The WebSocket Epiphany: A Debugging Turning Point in Distributed S3 Architecture

Introduction

In the midst of building a horizontally scalable S3-compatible storage cluster, a single message from an AI coding assistant captures a moment of critical insight that transformed a stalled debugging session into a breakthrough. The message is brief—barely a line of reasoning followed by a shell command—but it represents the pivot point where an incorrect assumption about protocol transport was corrected, unlocking the ability to verify the entire cluster monitoring system.

The message in question, from index 682 of a lengthy coding session, reads:

The RPC endpoint requires websocket. Let me check using a websocket client:

This simple declaration, following a series of failed HTTP requests to the cluster's RPC endpoint, marks the moment the assistant realized that the JSON-RPC interface was not served over plain HTTP POST as initially assumed, but rather over WebSocket connections. The realization seems obvious in retrospect, but the path to this understanding reveals deep layers of reasoning about distributed system architecture, protocol design, and the debugging process itself.

The Context: A Cluster in Need of Monitoring

To understand why this message matters, one must appreciate the context in which it was written. The assistant had been building a test cluster for a horizontally scalable S3 architecture—a system where stateless S3 frontend proxies sit in front of Kuri storage nodes, which in turn store data in a shared YugabyteDB database. The architecture follows a three-layer hierarchy: S3 proxy (port 8078) → Kuri storage nodes → YugabyteDB.

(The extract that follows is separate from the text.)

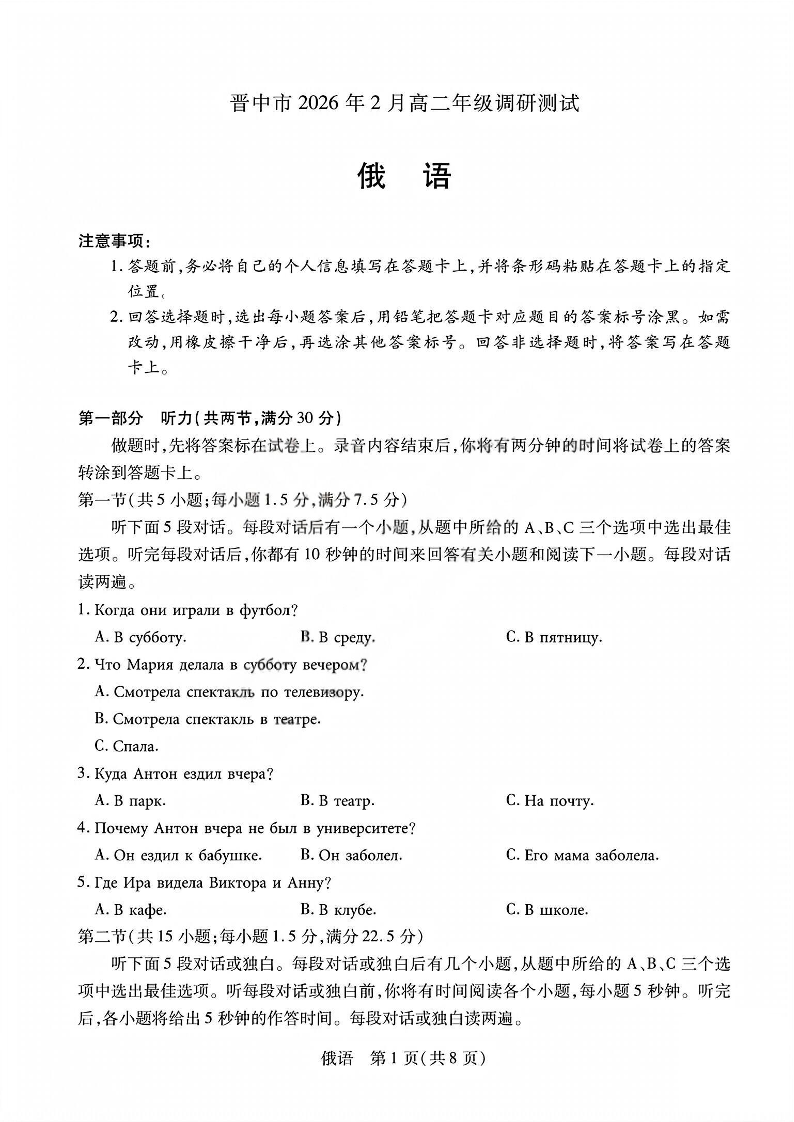 高二俄语--西省晋中市2026年2月高二年级调研测试
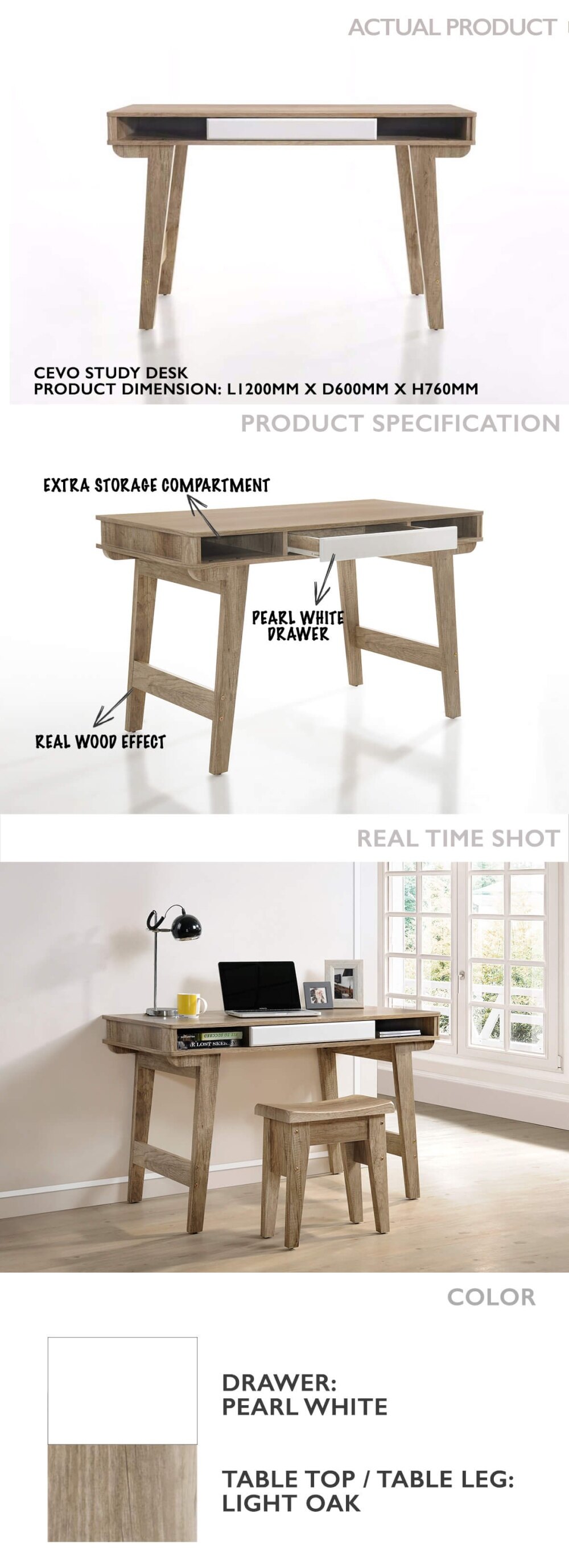 Designed exclusively by our lead designer, this computer desk is made cleverly to give you a stress-free work/study space, by combining both white and light oak colour which give out a calm and relax sensation. It provides you extensive drawer storage, and shelf for storage. Simply a must have for your home!

The user had recently requested that the cluster monitoring page be made functional. The assistant had implemented a ClusterTopology RPC method that reads the FGW_BACKEND_NODES environment variable, performs health checks on each storage node by hitting their /healthz endpoints, and returns a structured view of the cluster. The code had been written, the Docker images rebuilt, the containers restarted. Everything was in place—except the RPC appeared to be returning nothing.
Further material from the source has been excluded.